A manhã de domingo havia sido fria, nublada, e, conforme a tarde se estendia horas depois, uma chuva tímida caiu. A janela do meu quarto oferecia-me a visão da rua molhada. Parecia que o tempo compartilhava a tristeza comigo, como um velho amigo. No entanto fui forte, não derrubei uma lágrima sequer, talvez um dia me livraria dessa sina: sofrer por uma relação dolorosa.
Escuto a voz consoladora de Renato Russo em seu álbum póstumo, na música “Clarisse”, através dos fones de ouvido conectado ao meu celular.
“Eu sou um pássaro, me trancam na gaiola
E esperam que eu cante como antes
Eu sou um pássaro, me trancam na gaiola
Mas um dia eu consigo resistir
E vou voar pelo caminho mais bonito”
-Filho, eu fiz sopa. -Falou Marisa, entrando no quarto e vendo-me debruçado na janela.
-Estou descendo para comer! -Anunciei, lembrando que havia tido nenhuma refeição aquele dia.
Mamãe teve a preocupação de cozinhar para mim. Havia passado parte do dia fora, na churrascaria, junto com papai. Os dois tentaram me arrastar junto, no entanto não consegui arredar o pé de casa.
Eles comiam aos poucos, de certo já estavam de barriga cheia por conta do rodízio de carnes, mas não me deixariam ali sozinho, cabisbaixo, molhando pão na saborosa sopa de legumes.
O telefone tocou, interrompendo o silêncio que nos permitia ouvir os pingos de chuva cair lá fora.
Marisa levantou-se e foi atender. Enquanto isso, papai comia batucando os dedos na mesa, sem jeito, quem sabe pensando em uma forma de consolar. Ele sabia da minha tentativa de impedir o casamento, porém não fez perguntas se o esforço fora infrutífero ou não. Meu desânimo era resposta para tudo.
-Johnny, ligação para você.
Congelei, soltando a colher. Ninguém me ligava no telefone fixo. Costumava manter contato com amigos por celular, ou seja, tratava-se uma ligação excepcional.

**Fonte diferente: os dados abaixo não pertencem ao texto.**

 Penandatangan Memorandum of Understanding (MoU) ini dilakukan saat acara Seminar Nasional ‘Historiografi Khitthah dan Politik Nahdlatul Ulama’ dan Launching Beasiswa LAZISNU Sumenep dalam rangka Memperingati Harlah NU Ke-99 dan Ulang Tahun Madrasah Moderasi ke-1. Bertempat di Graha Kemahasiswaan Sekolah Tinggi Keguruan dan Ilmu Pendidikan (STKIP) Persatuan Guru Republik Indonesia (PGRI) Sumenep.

Mamãe, preocupada, entregou o aparelho a mim. Coisa boa não seria…
-Alô?
-Você não tem limites não? -Uma voz feminina antipática.
-Desculpe, com quem falo?
-Sou eu, Eliane, mãe do homem que você tenta seduzir.
Fodeu.
-Não entendo o porquê da grosseria.
-Pois deveria. Veja bem, estou consciente de que Cauã está escondido na sua casa, diga a ele para tirar o cavalinho da chuva se pensa que as coisas vão ficar assim. Aproveite e notifique que o pai está passando por problemas de saúde, os quais nem os remédios estão controlando, se meu marido tiver um ataque cardíaco por sua causa, eu juro que espalho aos quatro ventos o tipo de pessoa que você é: Vou até o seu trabalho, conto aos seus tios, amigos… Menino, você não sabe o que sou capaz de fazer…

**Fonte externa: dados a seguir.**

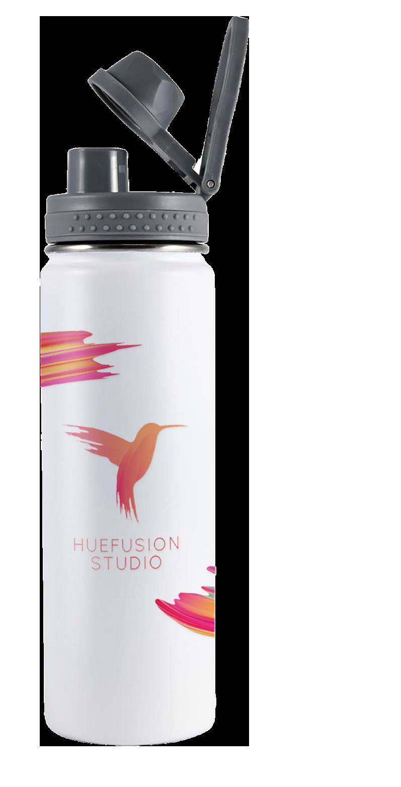 Double-wall stainless steel vacuum bottle with screwon sip lid, stainless steel straw, and silicone carry strap. Available in Matte Black or Gloss White. Capacity: 600ml.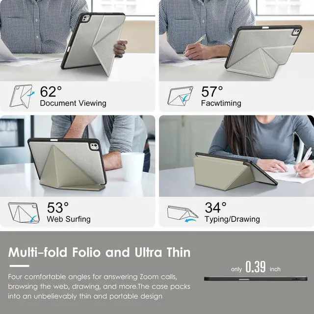 Please Note: Not compatible with any other iPad model. ^^ [Different Viewing Angles] - This iPad Pro 13 inch case can be folded in two ways, Provides four different standing angles to bring more convenience to your life. The triangle structure of the multi-fold folio ensures a stable standing position, whether in portrait or landscape. ^^ [Drop protection] - The case with a sturdy TPU back protects your iPad Pro 13 from accidental drops, bumps and shocks. ^^ [Precise Cutouts] - Full access to all features and controls without removing the stand case for iPad Pro 13 inch, such as buttons, charge ports, speakers, etc. Easy and convenient to use. ^^ [Reliable Supplier] - We Offers Lifetime Free Replacement for Your IPad Case. (Needs to be activated within 30 days of purchasing) Your Satisfaction Is Our Top Concern.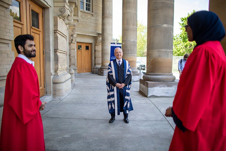 Wearing the blue-and-white president’s gown, U of T President Meric Gertler thanked the students for volunteering their time to help celebrate their classmates’ achievements.

Escutei inúmeros absurdos e não respondi nenhum, pois se o fizesse, estaria dando cordas à grosseria dela.
-E diga que foi ridícula a atitude dele em sumir no meio da festa. Não esperou para cortar o bolo… um desaforo com a noiva e os convidados. Estou arrasada e nervosa ao mesmo tempo. Ele tem muito que explicar quando voltar.
-Isso é tudo? -Foi a minha única frase depois da corrente de ameaças.
Ligação encerrada.
-O que está havendo? - Questionou mamãe, sem entender. -Ela parecia tão estúpida na linha.

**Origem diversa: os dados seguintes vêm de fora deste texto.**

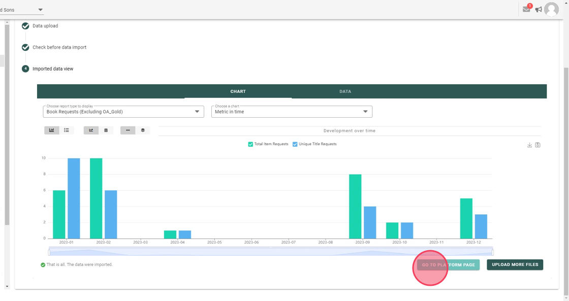 7. Your data are uploaded. You can click on "GO TO PLATFORM PAGE" to view details.

-Não parecia, ela se comportou feito uma estúpida! Mas isso não me assusta, mãe. Eliane sempre foi grosseira, de um jeito ou de outro. Parece que Cauã fugiu da festa, e ela dando chilique, me responsabilizando por isso.
Marisa tampou a boca com as mãos, horrorizada.
-Me deixe telefonar e colocar eles no lugar. -Interferiu papai, abandonando a sopa e estendendo a mão para que eu lhe passasse o aparelho.
-Não, não vamos cutucar a ferida, deixe como está. Ela verá que está errada, cedo ou tarde.
-Filho, você faz ideia de onde Cauã possa estar? -Questionou mamãe, com cara de dúvida.
-Não. Esse desaparecimento foi uma surpresa para mim.
E era. Que loucura teria passado pela cabeça dele para desaparecer meio a comemoração? Teria se arrependido? Não, pois se assim fosse, teria me procurado. Preocupei-me pois tinha medo que Cauã cometesse alguma besteira estando carregado por uma forte energia emocional.
...
Aquela semana marcou o inicio do recesso no calendário escolar. Na segunda-feira tive uma breve reunião com o diretor e o corpo docente, após isso fui liberado para as merecidas férias. Quando esse período chegava eu tinha o costume de buscar alguma atividade para preencher o tempo livre. Ler, estudar para futuros concursos, sair com amigos, viajar... Mil e um planos, mas poucos se concretizavam. Terminava sempre debaixo das cobertas com um balde de pipoca, copo de refrigerante e Netflix na tela da TV.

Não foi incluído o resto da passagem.